The regplot( ) function (docs) adds a fitted regression and confidence interval to a scatter.

my_fig, my_ax = plt.subplots(figsize=(10,5)) 

sns.regplot(x='gdp_real',                                        # column to put on x axis
            y='cons_real',                                       # column to put on y axis 
            data=wdi_gr,                                         # the data
            ax = my_ax,                                          # an axis object
            color = 'black',                                  
            ci = 0)                                              # confidence interval, 0 supresses it

# Easier than matplotlib!
sns.despine(ax = my_ax)                             

# Since this is all in a matplotlib axis/figure, our usual labeling applies.  
my_ax.set_title('Consumption and output growth in Chile')
my_ax.set_ylabel('real consumption growth (%)')
my_ax.set_xlabel('real output growth (%)')

plt.show()

png

Looking good! The default regression spec is OLS, but you can specify a more complicated model. Interestingly, you cannot recover the coefficients (slope, intercept) of the estimated regression. The person who developed seaborn is apparently quite adamant about this.

Notice the different syntax seaborn exposes.

sns.regplot(x, y, data, ax)

We do not pass the columns of data directly, like we would with matplotlib.

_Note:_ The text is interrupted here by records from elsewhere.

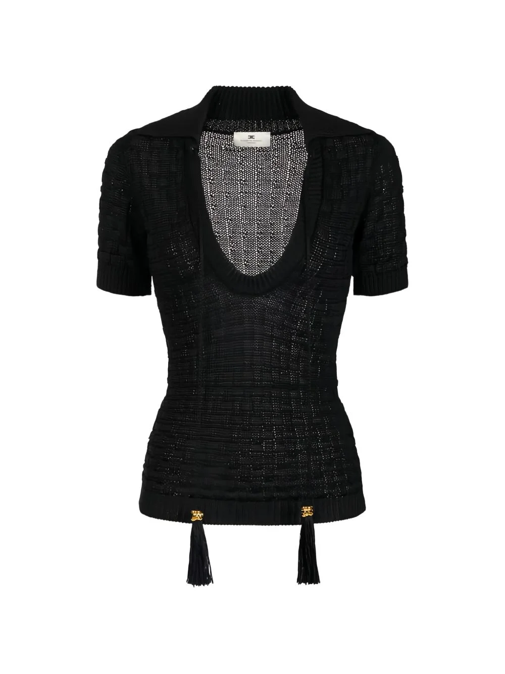 basket-stitch tassel knit top Highlights - Black - Basket stitch knitting - Tassels - Metal clasps - Short sleeves Made in Italy Composition Linen/Flax 80%, Viscose 20% Washing instructions Read Manufacturer Guidelines
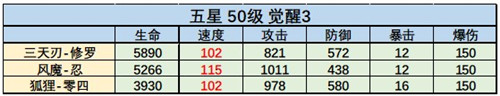 上图给了一个每个抽到修罗的人都能出来的队伍做例子(零四和忍都是初始抽卡必出的)剩下的位置再补一个奶妈,奶妈因为速度都没超过100,就不单独拿上来了。所有角色的速度都是固定的。
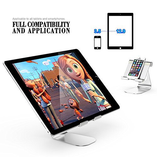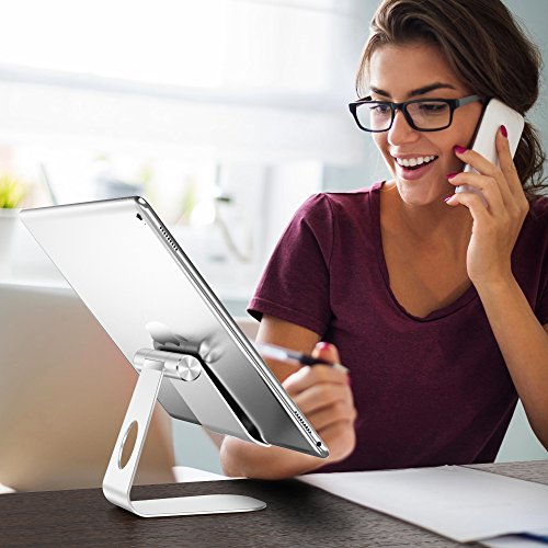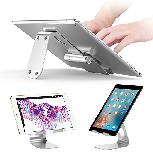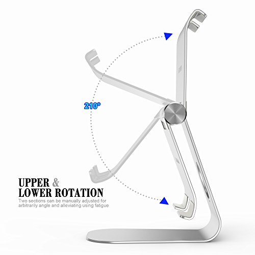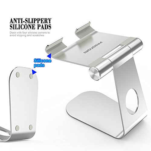 Adjustable Tablet Stand, Pasonomi iPad Stand, Aluminum Desktop Stand Holder for iPad Pro / iPad Air 2 3 4/ iPad mini , Samsung Tab, Kindle, Nexus, Surface, iPhone, Nintendo Switch and more - Silver
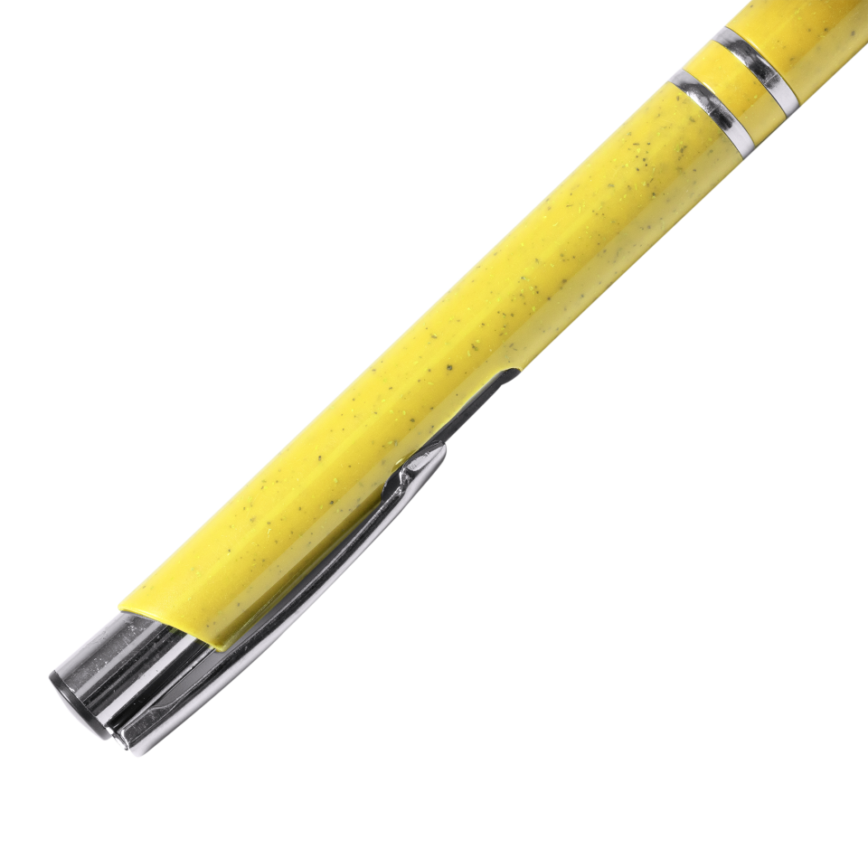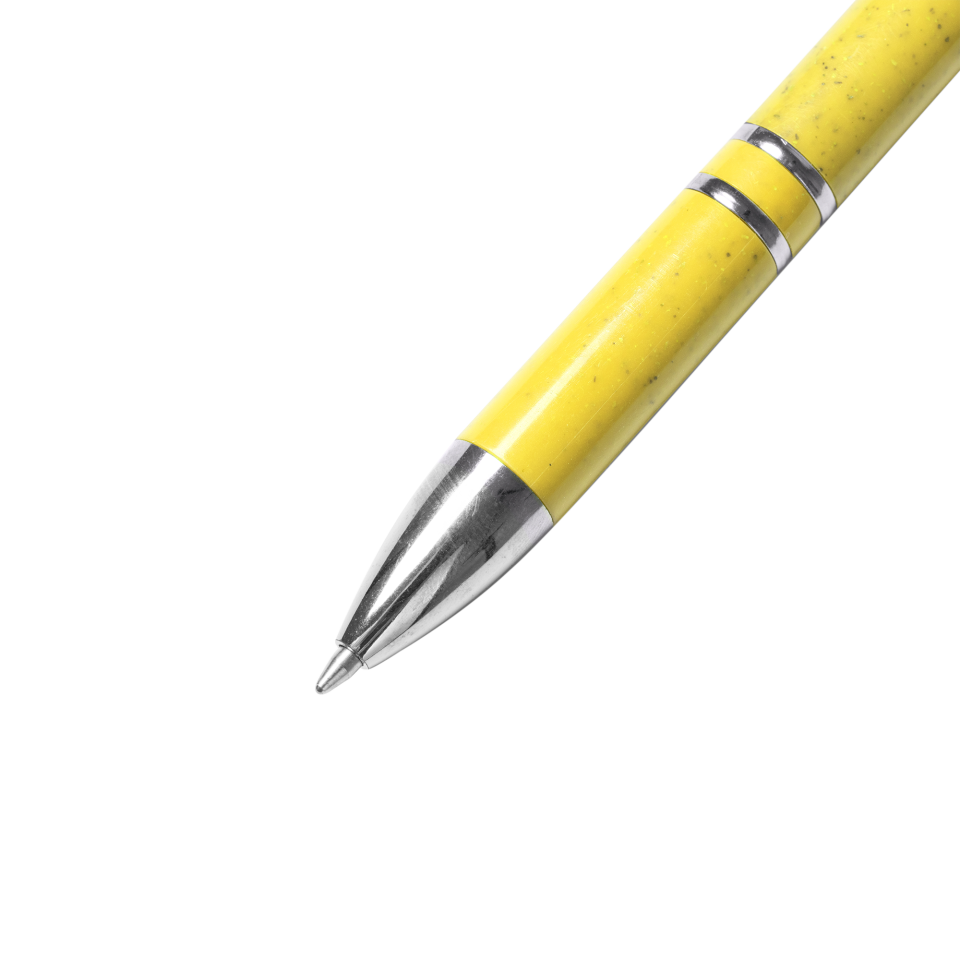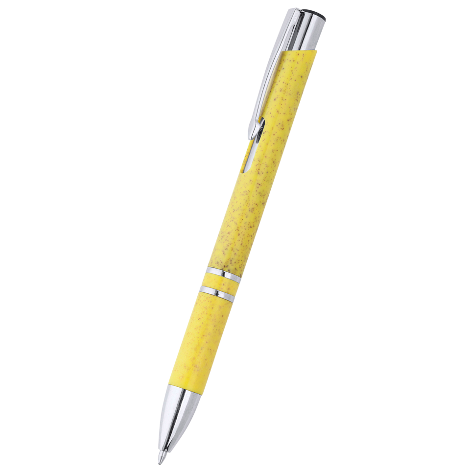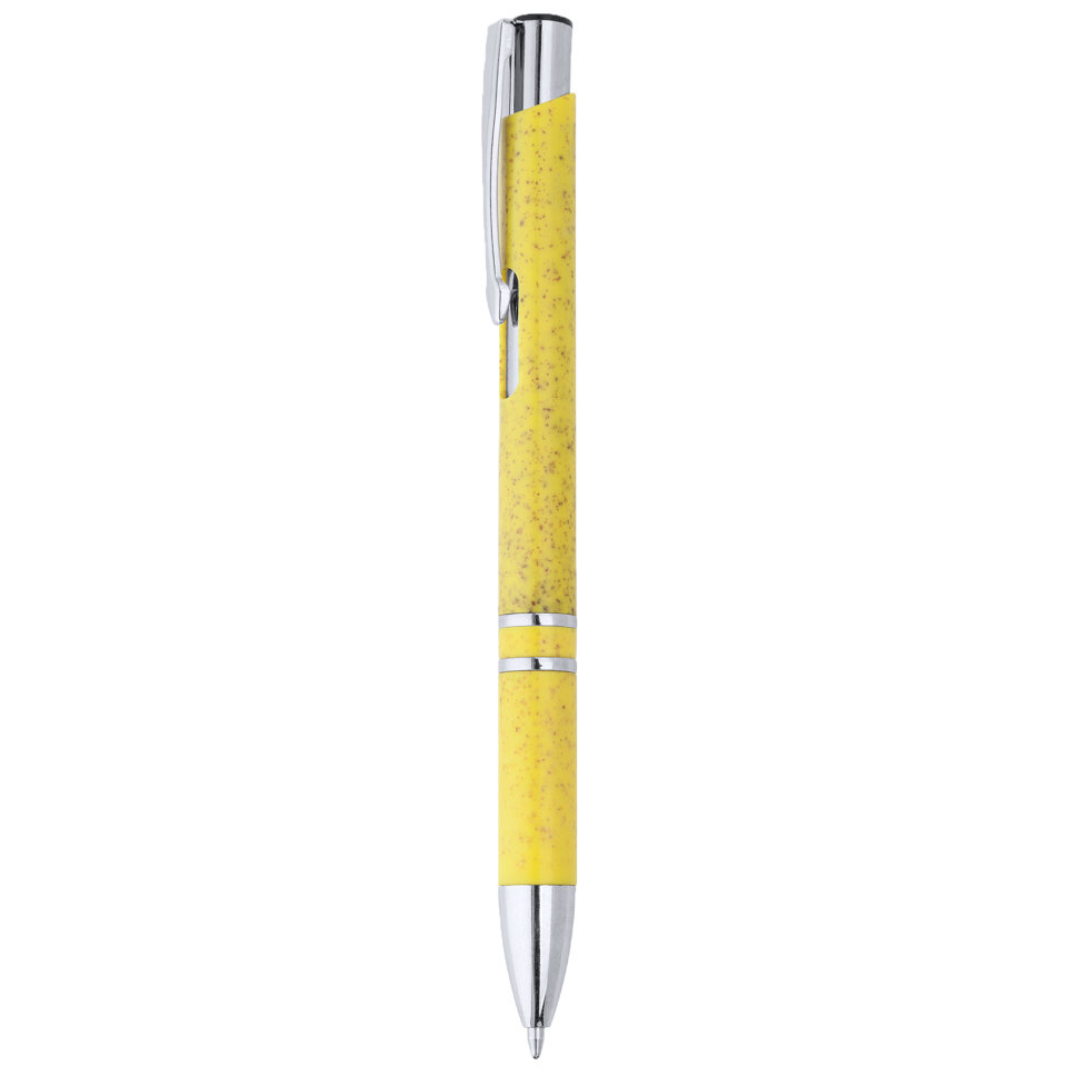 Bolígrafo pulsador de fibra de trigo y ABS con acabados plateados
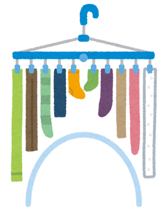 洗濯ハンガーの外側から内側に向かって、丈の長いものから短いものを干していきましょう。イラストのようにアーチ状に干すことで、内側に風(空気)が通るスペースができて乾きやすくなります。水分が蒸発しにくい綿素材は外側、乾きやすい化繊素材は内側、のように素材によって分けるのもよいでしょう。

Instead, we pass the DataFrame and the column names of the variables we want to plot.

We can pass regplot() an axis object, ax = my_ax in the code above, to attach the plot to a specific axis. If we omit the ax argument, regplot() will create an axis object for us.

Confidence interval

Let's specify a 95 percent confidence interval.

my_fig, my_ax = plt.subplots(figsize=(10,5)) 

sns.regplot(x='gdp_real',                                        # column to put on x axis
            y='cons_real',                                       # column to put on y axis 
            data=wdi_gr,    # the data
            ax = my_ax,                                          # an axis object
            color = 'red',                                  
            ci = 95)                                              # confidence interval, 0 supresses it

# Easier than matplotlib!
sns.despine(ax = my_ax)                             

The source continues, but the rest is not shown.